As a computer scientist, Spielman knew little of quantum mechanics or the Kadison-Singer problem’s allied mathematical field, called C*-algebras. But when Kalai, whose main institution is the Hebrew University of Jerusalem, described one of the problem’s many equivalent formulations, Spielman realized that he himself might be in the perfect position to solve it. “It seemed so natural, so central to the kinds of things I think about,” he said. “I thought, ‘I’ve got to be able to prove that.’” He guessed that the problem might take him a few weeks.
Instead, it took him five years. In 2013, working with his postdoc Adam Marcus, now at Princeton University, and his graduate student Nikhil Srivastava, now at the University of California, Berkeley, Spielman finally succeeded. Word spread quickly through the mathematics community that one of the paramount problems in C*-algebras and a host of other fields had been solved by three outsiders — computer scientists who had barely a nodding acquaintance with the disciplines at the heart of the problem.
Mathematicians in these disciplines greeted the news with a combination of delight and hand-wringing. The solution, which Casazza and Tremain called “a major achievement of our time,” defied expectations about how the problem would be solved and seemed bafflingly foreign. Over the past two years, the experts in the Kadison-Singer problem have had to work hard to assimilate the ideas of the proof. Spielman, Marcus and Srivastava “brought a bunch of tools into this problem that none of us had ever heard of,” Casazza said. “A lot of us loved this problem and were dying to see it solved, and we had a lot of trouble understanding how they solved it.”
“The people who have the deep intuition about why these methods work are not the people who have been working on these problems for a long time,” said Terence Tao, of the University of California, Los Angeles, who has been following these developments. Mathematicians have held several workshops to unite these disparate camps, but the proof may take several more years to digest, Tao said. “We don’t have the manual for this magic tool yet.”
Computer scientists, however, have been quick to exploit the new techniques. Last year, for instance, two researchers parlayed these tools into a major leap forward in understanding the famously difficult traveling salesman problem. There are certain to be more such advances, said Assaf Naor, a mathematician at Princeton who works in areas related to the Kadison-Singer problem. “This is too profound to not have many more applications.”
A Common Problem
The question Richard Kadison and Isadore Singer posed in 1959 asks how much it is possible to learn about a “state” of a quantum system if you have complete information about that state in a special subsystem. Inspired by an informally worded comment by the legendary physicist Paul Dirac, their question builds on Werner Heisenberg’s uncertainty principle, which says that certain pairs of attributes, like the position and the momentum of a particle, cannot simultaneously be measured to arbitrary precision.
Kadison and Singer wondered about subsystems that contain as many different attributes (or “observables”) as can compatibly be measured at the same time. If you have complete knowledge of the state of such a subsystem, they asked, can you deduce the state of the entire system?
In the case where the system you’re measuring is a particle that can move along a continuous line, Kadison and Singer showed that the answer is no: There can be many different quantum states that all look the same from the point of view of the observables you can simultaneously measure. “It is as if many different particles have exactly the same location simultaneously — in a sense, they are in parallel universes,” Kadison wrote by email, although he cautioned that it’s not yet clear whether such states can be realized physically.
Kadison and Singer’s result didn’t say what would happen if the space in which the particle lives is not a continuous line, but is instead some choppier version of the line — if space is “granular,” as Kadison put it. This is the question that came to be known as the Kadison-Singer problem.

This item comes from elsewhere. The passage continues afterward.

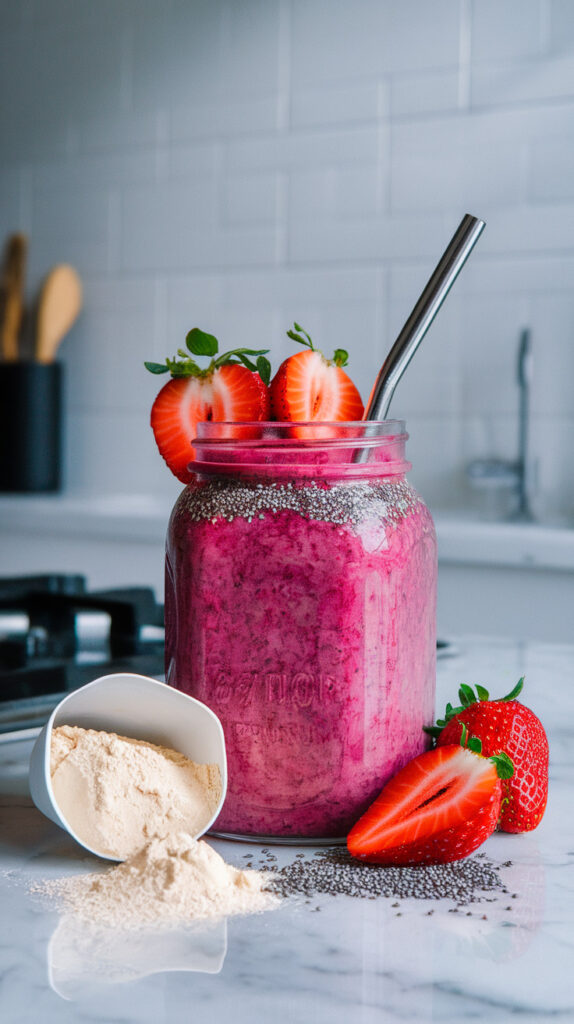 If your protein powder tastes strong, add extra strawberries to balance it out. Serve it with a boiled egg or a handful of nuts if you want a full meal that keeps you satisfied.

Based on their work in the continuous setting, Kadison and Singer guessed that in this new setting the answer would again be that there are parallel universes. But they didn’t go so far as to state their guess as a conjecture — a wise move, in hindsight, since their gut instinct turned out to be wrong. “I’m happy I’ve been careful,” Kadison said.
Kadison and Singer — now at the University of Pennsylvania and the Massachusetts Institute of Technology (emeritus), respectively — posed their question at a moment when interest in the philosophical foundations of quantum mechanics was entering a renaissance. Although some physicists were promoting a “shut up and calculate” approach to the discipline, other, more mathematically inclined physicists pounced on the Kadison-Singer problem, which they understood as a question about C*-algebras, abstract structures that capture the algebraic properties not just of quantum systems but also of the random variables used in probability theory, the blocks of numbers called matrices, and regular numbers.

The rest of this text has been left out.